Based on my extensive work on CD8 T cells in Peter's laboratory, I decided to focus on this subset to systematically address the question of whether immune cells were subject to the same senescence program as all other human somatic cells. We established long-term cultures of human CD8 T cells, using either tumors or virally pulsed autologous cells as “stimulators.” Our work showed that human T cells had the same intrinsic program as fibroblasts and all other human somatic cells, namely, that they undergo cellular senescence in culture after a finite number of cell divisions. Along with the irreversible cell cycle arrest, senescent CD8 T cells have shortened telomeres, inability to upregulate telomerase, and are resistant to apoptosis. They also show increased secretion of proinflammatory cytokines and permanent suppression of CD28 gene expression (4,6,7,15,22–31).

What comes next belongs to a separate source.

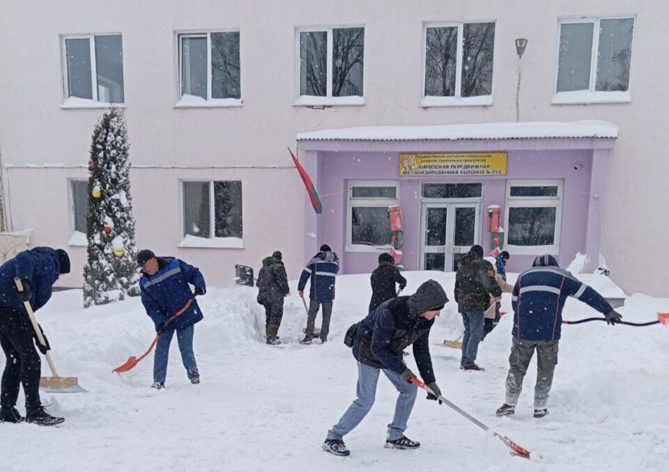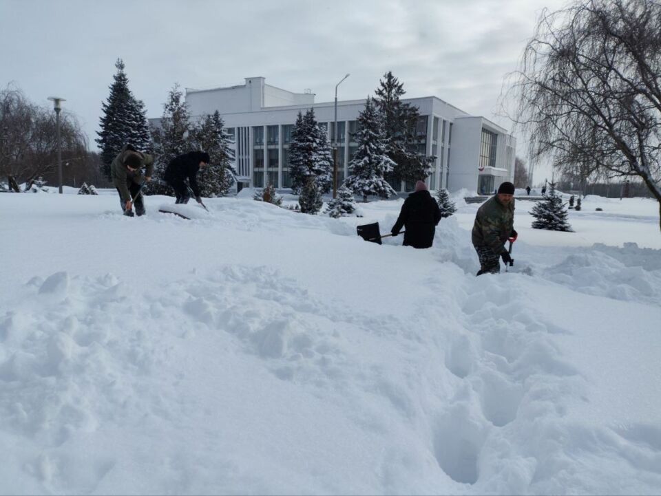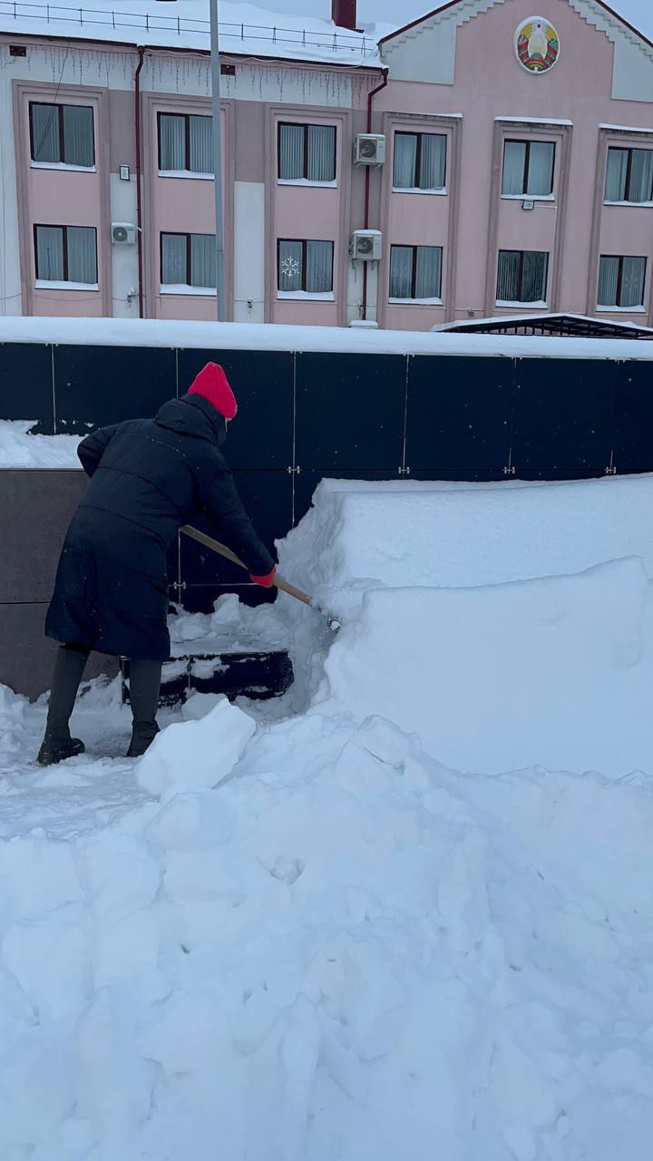 Сотрудники Кировского райисполкома приняли участие в уборке снега.

Our in vitro work was confirmed in clinical studies. Cells with an identical phenotype accumulate in elderly persons, and in an accelerated manner in younger persons chronically infected with HIV (8,9). It seems that persistent infections can drive human CD8 T cells to the end stage of cellular senescence, and due to their resistance to apoptosis, these cells accumulate over time. In the case of aging, it is now well established that the driving force is chronic infection with cytomegalovirus (CMV). Indeed, in some older individuals, CMV-specific CD8 T cells constitute a large proportion of the entire T cell repertoire, resulting in a constriction of the remaining T cell repertoire. Looking back on my scientific career, it is clear that my focus on various facets of CD8 T cell biology was molded by my early training in Peter's laboratory.

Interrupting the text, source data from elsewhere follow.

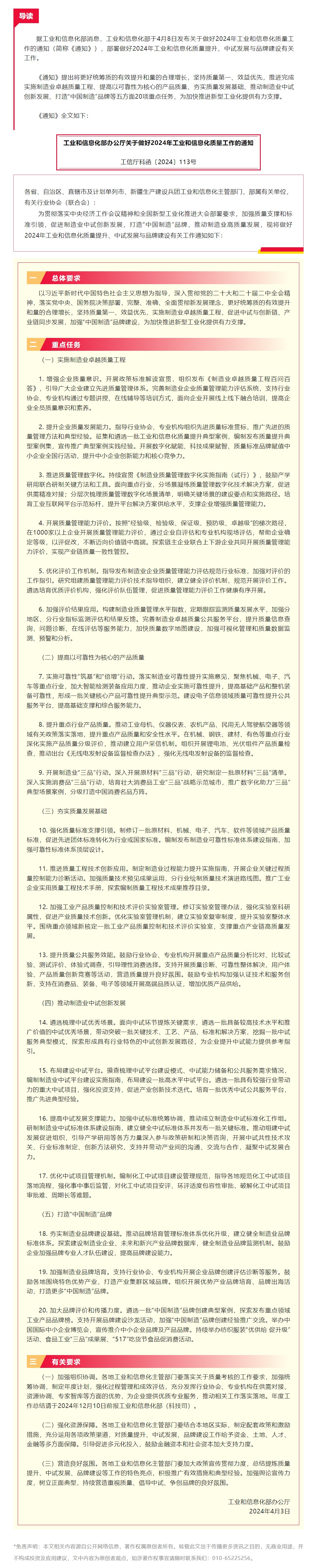 政策速递 | 工业和信息化部办公厅关于做好2024年工业和信息化质量工作的通知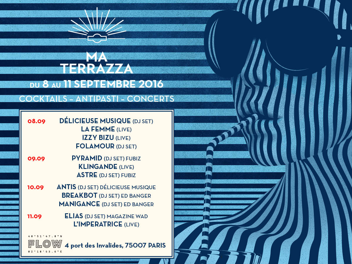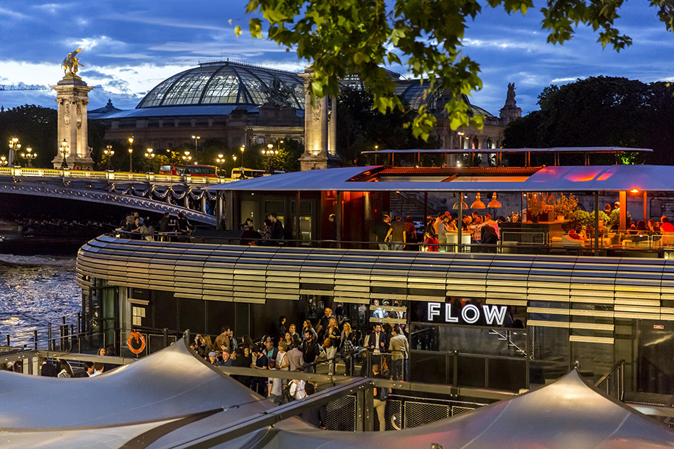 Pour ce rendez-vous immanquable, Ma Terrazza nous invite à bord du FLOW. Avec son rooftop et sa vue exceptionnelle sur le Pont Alexandre III et la tour Eiffel, cet objet flottant est le lieu de farniente et d'afterwork idéal. On y profite du soleil couchant au son des Dj sets et des lives, un verre de Martini e Tonic à la main…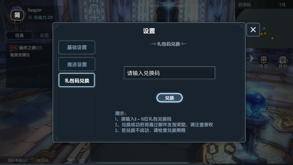 2、然后点击前往设置,点击礼包码兑换,输入兑换码点击兑换即可。

In addition to my laboratory research, my entrée into the field of gerontology has also involved didactic activities. As part of an interdisciplinary team, I helped develop a year-long Honors-level course for college freshman, entitled, Frontiers of Human Aging: Biomedical, Social and Policy Perspectives—now in its 20th year. One of the major topics covered in this course relates to challenges involved in influenza vaccination of the elderly population (1). We discuss the biology of the virus itself, the tedious process by which flu vaccines are currently prepared, social issues related to vaccines in general, and vaccination strategies to compensate for the aging immune system (5,14,16). In a sense, therefore, I have come full circle—ending my career with a topic with which it first began in Peter's laboratory.

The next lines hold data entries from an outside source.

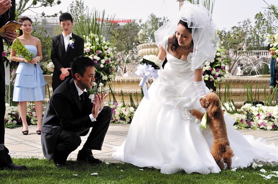 王學(xué)兵和孫寧別有新意地用他們的愛(ài)犬充當(dāng)傳遞愛(ài)的使者,由愛(ài)犬將結(jié)婚戒指帶到現(xiàn)場(chǎng)。交換結(jié)婚戒指后,王學(xué)兵與孫寧舉起香檳向親友祝酒。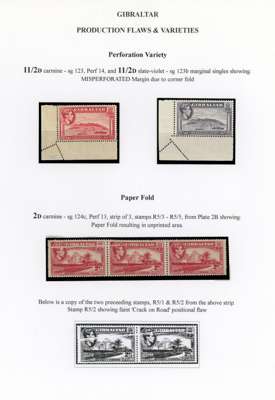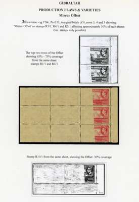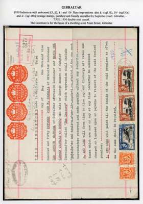 1938-51 printing varieties with 2d carmine unmounted o.g. block of nine, the three right stamps with a very fine offset covering half or more of the reverse, gum a little yellowed but still fine and rare; 2d carmine corner block of fifteen with varying degrees of dry print; 1½d both colours, each R10/1 with additional perforations in the selvedge due to paper folds; 2d carmine strip of three with pre-printing paper crease giving an unprinted area across two. Also three Madame Joseph postmark forgeries; #182 on 5/-, #183 on £1 and #187 on 10/-, and a range of Supreme Court fiscal usages, 24 stamps to £1 (2) and a fine indenture with 2/- (2), 10/- and £1 (2). Interesting group of considerable appeal to the specialist, ex Chambers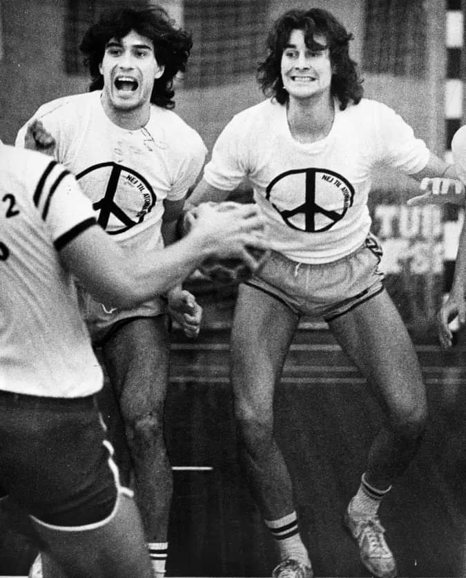 Carsten Haurum og hans holdkolleger Per Skaarup og Morten Stig Christensen (foto) medgav at politik og OL ikke kunne skilles ad. Men deres svar var, at hvis politikerne blandede sig i OL måtte OL-deltagerne vel også blande sig i politik. Derfor iklædte de sig i Los Angeles i 1984 trøjer med “Nej Til Atomvåben” og ”Idræt for Fred” på fem forskellige sprog. Samtidig klæbede de mærkater med hvide duer på deres id-kort. Gad vide om det var gået i dag, hvor det opfattes som politisk ukorrekt at opfordre til fredsforhandlinger i f.eks. Ukraine og Gaza…?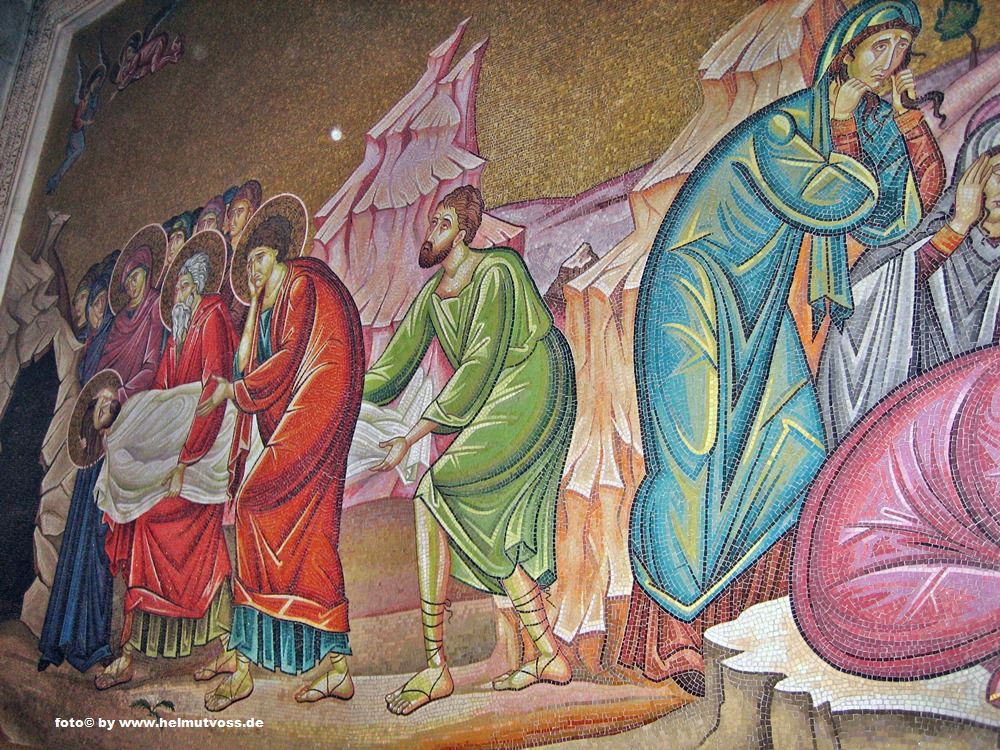 rechts neben der Kreuzigungsstelle auf Golgotha befindet sich eine mit Mosaiken prächtig ausgestaltete römisch-katholische Kapelle.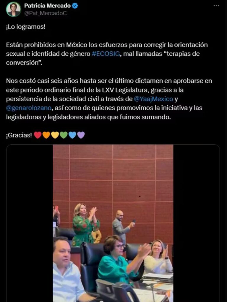 Patricia Mercado, senadora de Movimiento Ciudadano y una de las legisladoras que impulsaron la discusión de la iniciativa, fue de las primeras en celebrar la aprobación de la reforma, reconociendo el trabajo de la organización Yaaj México, dedicada a promover y defender los derechos de la comunidad LGBT+.
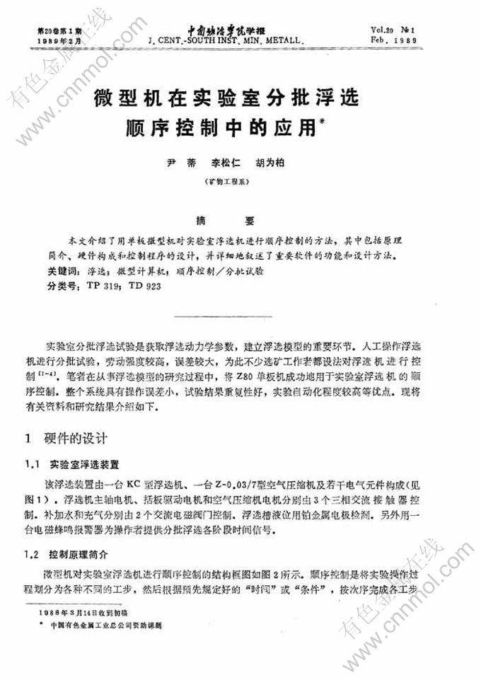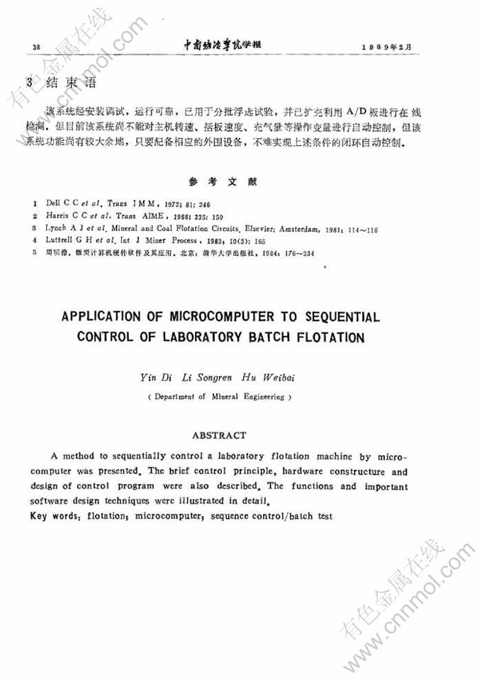 关键词:浮选; 微型计算机; 顺序控制/分批试验

I have enjoyed seeing Peter over the years at immunology meetings, and was sorry that UCLA was not successful many years ago in recruiting him to direct a new Vaccine Program. Australia was a much better fit, and I know he has flourished in Melbourne. Most recently, when I was elected President of the Gerontological Society of America, this Nobel Laureate wrote to me, “I have bragging rights.” That was the essence of Peter—a truly modest man, a brilliant scientist, a superb mentor, and an extraordinary human being. I consider myself extremely fortunate to have been trained in his laboratory, and I will always be proud to have had the honor of being his first graduate student.